Of the nine factions constituting the city council, six proposed the package. The Liberal Democratic Party (LDP) Shinsei Club with ten members, the largest faction in the city council, along with the Hiroshima Seiwa Club with nine members, opposed the package.

Tokukazu Kiyama, secretary general of the Shinsei Club, explained, "The city council has not received adequate explanation regarding the consideration of a bid to host the Olympic Games and the issue of the site of the former Hiroshima Municipal Stadium. We opposed the measure to express the feeling that we cannot accept the mayor's political stance." Haruo Yamada, secretary general of the Seiwa Club, argued that, "As the elimination of nuclear weapons by 2020 is difficult in reality, it's unreasonable to seek the government's approval for this aim."

On December 11, the Nagasaki City Council unanimously approved a package of proposals to the same effect. Kenji Ota, secretary general of the Citizens' Coalition, which allowed its name to be added as a proponent of the package at the Hiroshima City Council, deplored the outcome, saying, "Emotional entanglements with the mayor and the value judgment from the standpoint of the assembly should be two different things. Are they truly representing the voices of the many citizens who are seeking nuclear abolition?"

Hiroshima Mayor Akiba, Hiroshima City Council Chair Hiroyuki Fujita, Nagasaki Mayor Tomihisa Taue, and Nagasaki City Council Chair Takashi Yoshihara will hand the written statement of the package of proposals to Foreign Minister Katsuya Okada and others on December 21. Sunao Tsuboi, 84, chair of the Hiroshima Prefectural Confederation of A-bomb Sufferers Organizations and co-chairperson of the Japan Confederation of A- and H-bomb Sufferers Organizations, commented, "The elimination of nuclear weapons is Hiroshima's long-cherished wish. I wish the Hiroshima City Council had unanimously approved the proposals."
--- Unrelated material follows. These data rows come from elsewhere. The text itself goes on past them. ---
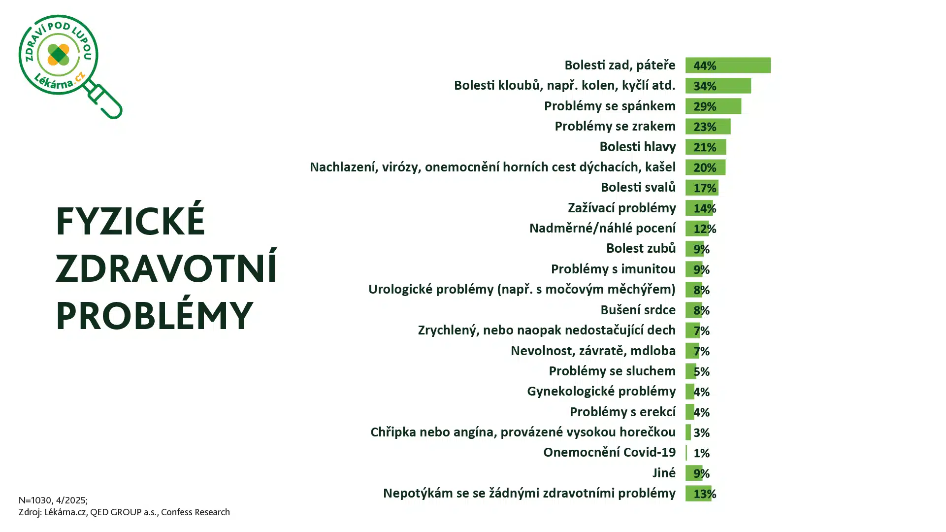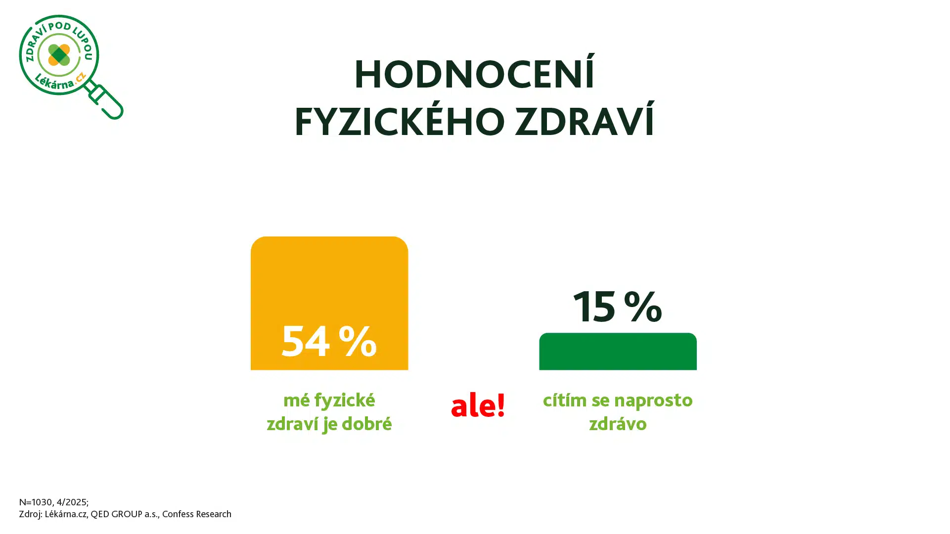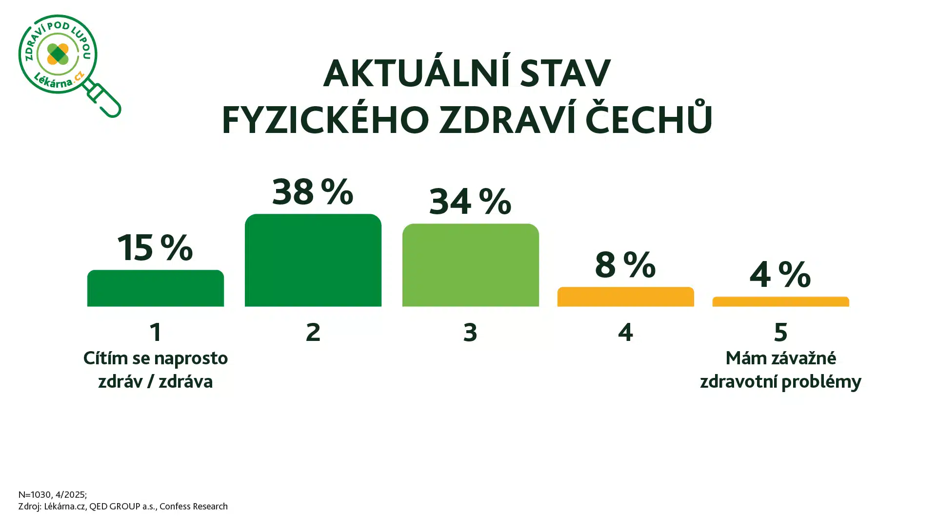 Aktuální stav fyzického zdraví Čechů podle výzkumu Zdraví pod lupou Lékárna.cz 2025.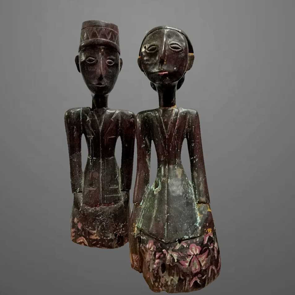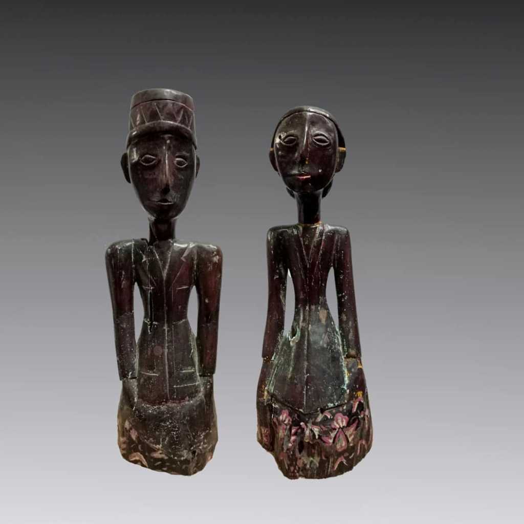 Loroblonyo primitif.Material: kayu.Dimensi: tinggi 38cm (lk), 36cm (pr).Patina bagus, kondisi ada beberapa bagian yang rusak alami.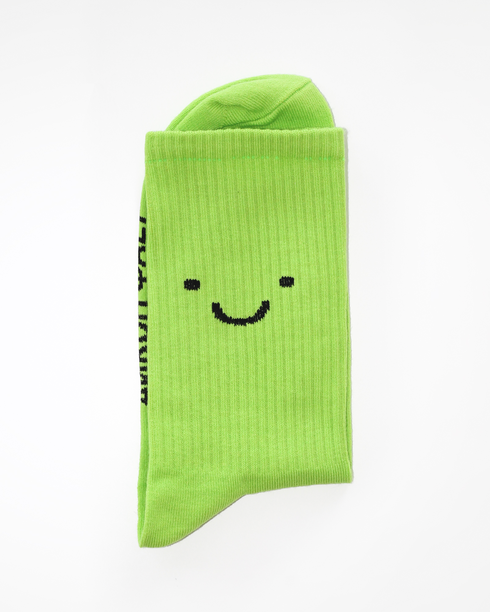 Они просто надеваются как обычные носки, но с особым шармом "Токсик" — мягкость ткани обеспечивает комфорт весь день, усиливая удовольствие от движения и добавляя эмоциональный подъем!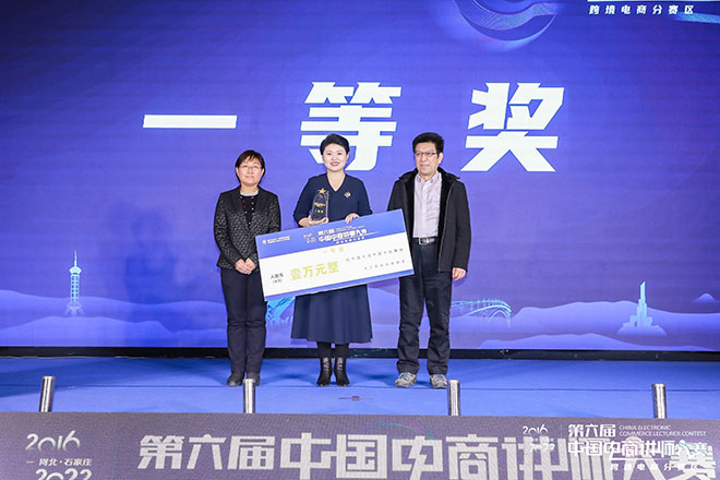 石家庄市商务局局长、党组书记王晓辉,中国电商讲师大赛专家评审委员会主席聂林海为荣获一等奖的选手颁奖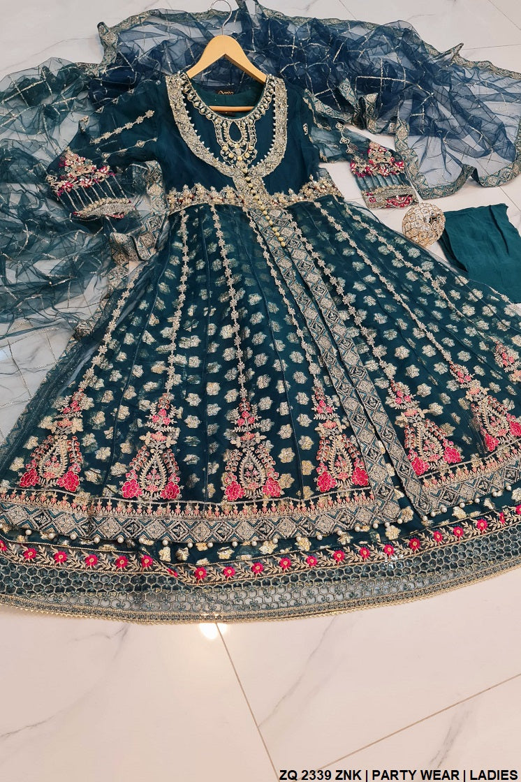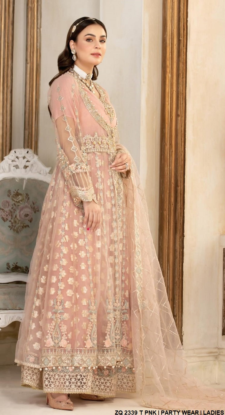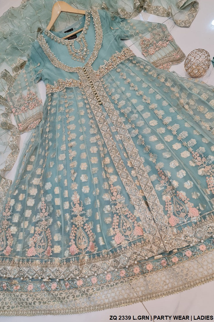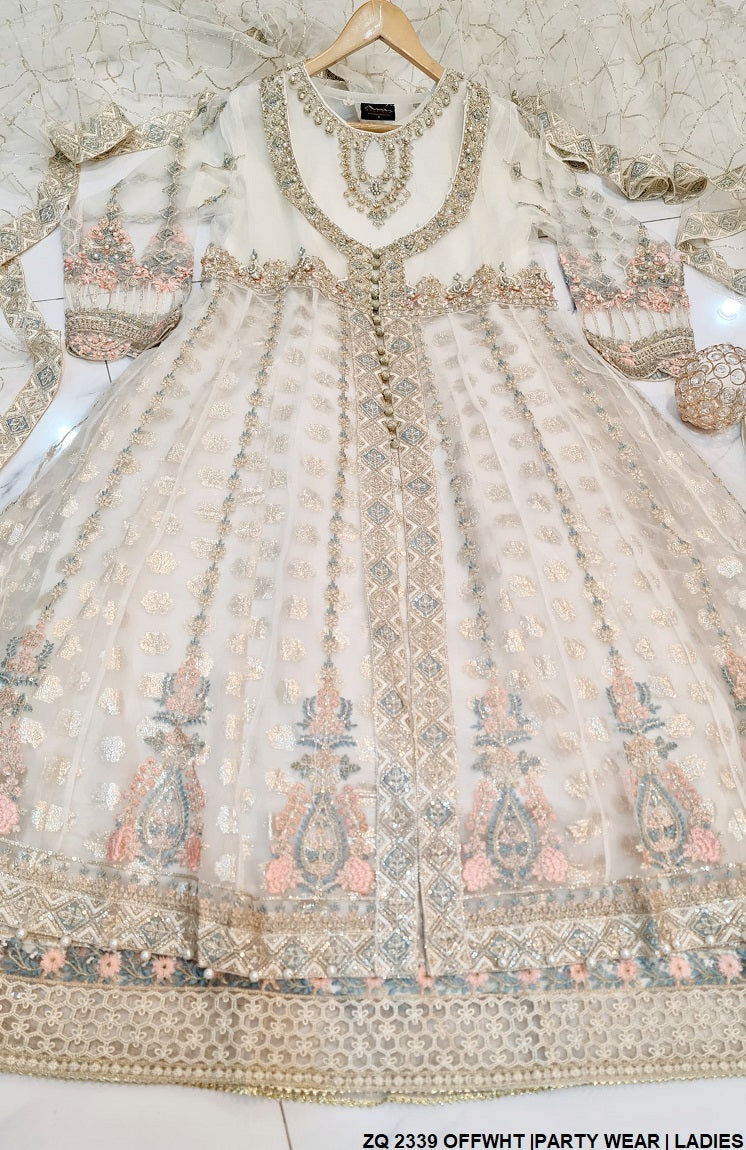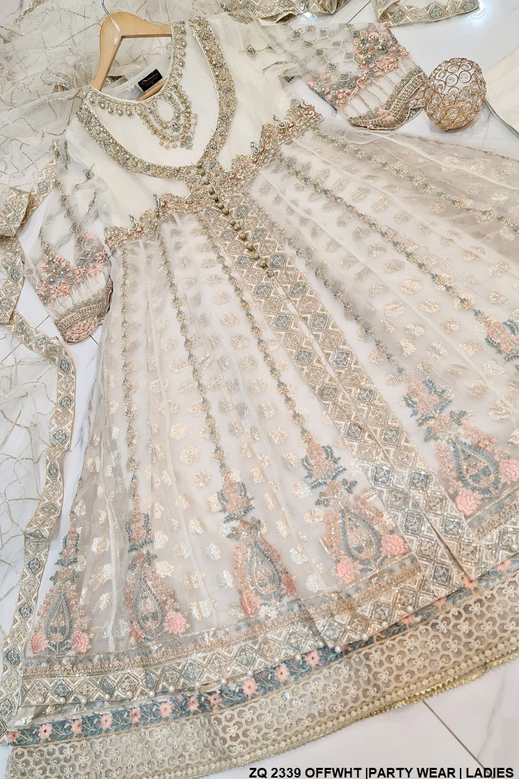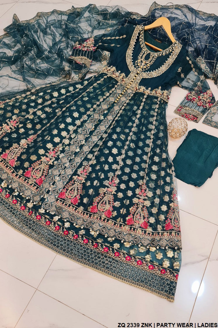 1. This stunning outfit features a net fabric shirt, paired with viscose trousers and a net dupatta. Designed in an open gown style maxi, the shirt length measures 50 to 52 inches. The total weight of the ensemble is 1.450 kg, offering an elegant and graceful look, perfect for any special occasion.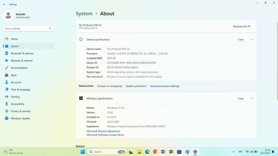 Instaliran Windows 11 operativni sustav, kao i Office 2019 paket alata (word, excel, powerpoint, itd). Aktivirane licence i za Windows 11 i za Office 2019.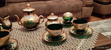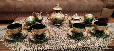 Çay dəsti, rəng - Yaşıl, Bohemia, 12 nəfərlik, Çexiya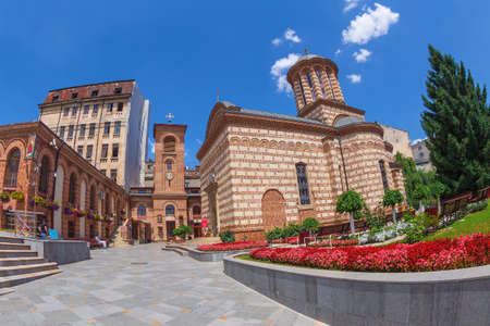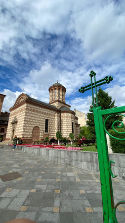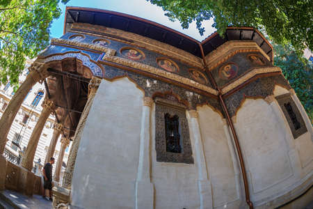 BUCHAREST, ROMANIA - JULY 16, 2018: Stavropoleos monastery, founded in 1724 by the Greek monk Ioanikie Stratonikeas, a masterpiece of Brancovan architectural style.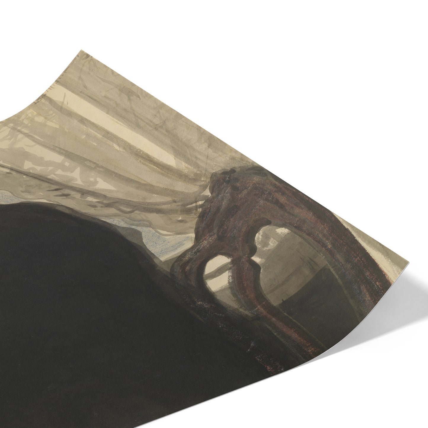 "Silhouette of the Painter" (1907) by Léon Spilliaert is a haunting self-portrait that captures the Belgian artist’s fascination with shadow, solitude, and introspection. The painting features the silhouette of Spilliaert himself, standing before a large, empty canvas in a dimly lit room. The figure’s form is starkly outlined against a minimal, almost oppressive background, evoking a sense of isolation and existential contemplation. Spilliaert’s use of dark tones and sharp contrasts creates an atmosphere of introspection, emphasizing the internal struggles of the artist. The work reflects Spilliaert’s preoccupation with melancholy and the solitary nature of creation, typical of his symbolist style.

On the other hand, the Hiroshima Prefectural Assembly agreed, at the assembly steering committee on December 18, to pass a resolution in pursuit of nuclear abolition and a lasting peace on December 22, the last day of the current regular meeting. The prefectural assembly is dealing with a resolution for the abolition of nuclear weapons for the first time in 11 years. The resolution has been proposed by the LDP Sasshin Cuncil, the largest faction in the assembly, in anticipation of the NPT Review Conference. It is expected that the resolution will be unanimously approved.

Keywords

The Hiroshima-Nagasaki Protocol

Mayors for Peace, for which Hiroshima Mayor Tadatoshi Akiba serves as president, proposed the protocol in April 2008. The protocol provides concrete steps toward the elimination of nuclear weapons, proposing 1) an immediate end to actions that will lead non-nuclear weapon states to acquire nuclear weapons and nuclear weapon states to use these weapons, 2) demanding nuclear weapon states begin negotiations to reach an agreement on an international framework in pursuit of nuclear abolition, 3) making legislative preparations banning actions by 2015 that will lead to acquisition and use of nuclear weapons, and 4) formulating a concrete plan to realize nuclear abolition by 2020.